What is the fastest way to repeatedly resample timeseries data of the same shape?
Problem: I have 30 years of an hourly timeseries which I want to resample to yearly and by calendar year (resample rule 'AS'). I need to both find the mean in each year and the sum. There are no missing hours. I then need to do this over 10,000 times. For the script I am writing, this resampling step takes by far the most time and is the limiting factor with regards to optimising the run time. Because of leap years, one cannot resample by a consistent 8760 hours as every forth year has 8784 hours.
Example code:
import pandas as pd
import numpy as np
import time
hourly_timeseries = pd.DataFrame(
index=pd.date_range(
pd.Timestamp(2020, 1, 1, 0, 0),
pd.Timestamp(2050, 12, 31, 23, 30),
freq="60min")
)
hourly_timeseries['value'] = np.random.rand(len(hourly_timeseries))
# Constraints imposed by wider problem:
# 1. each hourly_timeseries is unique
# 2. each hourly_timeseries is the same shape and has the same datetimeindex
# 3. a maximum of 10 timeseries can be grouped as columns in dataframe
start_time = time.perf_counter()
for num in range(100): # setting as 100 so it runs faster, this is 10,000 in practice
yearly_timeseries_mean = hourly_timeseries.resample('AS').mean() # resample by calendar year
yearly_timeseries_sum = hourly_timeseries.resample('AS').sum()

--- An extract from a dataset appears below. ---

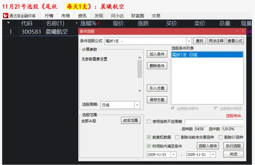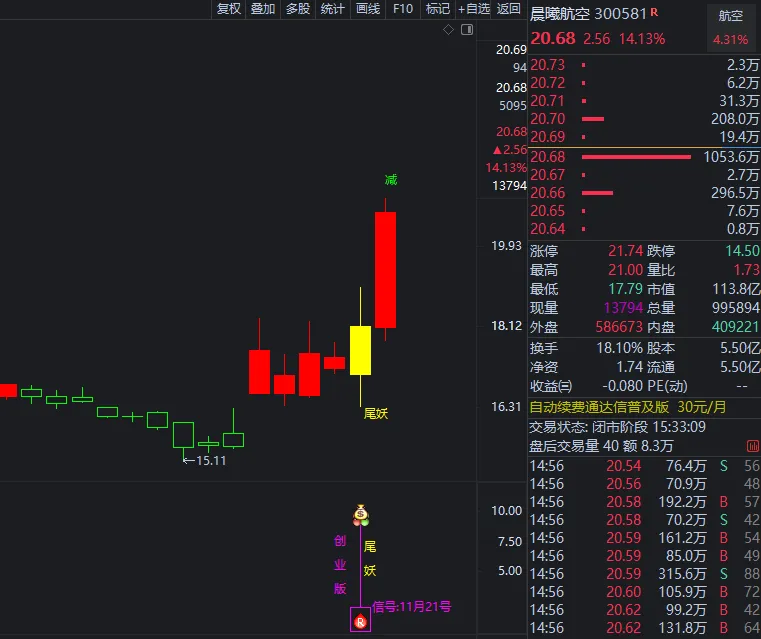 11月21号选股《尾妖   每天1支》:晨曦航空  隔天拉14%

finish_time = time.perf_counter()
print(f"Ran in {start_time - finish_time:0.4f} seconds")
>>> Ran in -3.0516 seconds
Solutions I have explored:
- I have made some speed improvements by aggregating multiple timeseries into a dataframe and resampling them at the same time; however, due to the restrictions of the set-up of the wider problem I am solving, I am limited to having 10 timeseries in each dataframe. Therefore, the problem still stands: is there a way to dramatically speed up resampling of timeseries data if you know the shape of the array will always be the same?

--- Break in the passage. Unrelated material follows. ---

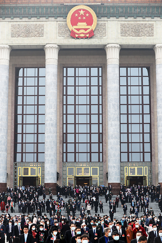 3月10日,中国人民政治协商会议第十三届全国委员会第四次会议在北京人民大会堂举行闭幕会。这是闭幕会后,委员们走出人民大会堂。

- I also looked into using numba but this does not make pandas functions quicker.
Possible solutions which sound reasonable but I cannot find after researching:
- resample 3D array of timeseries data with numpy
- Cache the index that is being resampled and then somehow do every resample after the first resample much faster
Thanks for your help :)
CodePudding user response:
As I wrote in comment, I prepared indices for each year and used them to calculate sum much for each year faster.
Next I removed unnecessary calculation of sum under mean again, instead calculating mean as sum/length_of_indices
for each year.
For N=1000 its ~9x faster
import pandas as pd
import numpy as np
import time
hourly_timeseries = pd.DataFrame(
index=pd.date_range(
pd.Timestamp(2020, 1, 1, 0, 0),
pd.Timestamp(2050, 12, 31, 23, 30),
freq="60min")
)
hourly_timeseries['value'] = np.random.rand(len(hourly_timeseries))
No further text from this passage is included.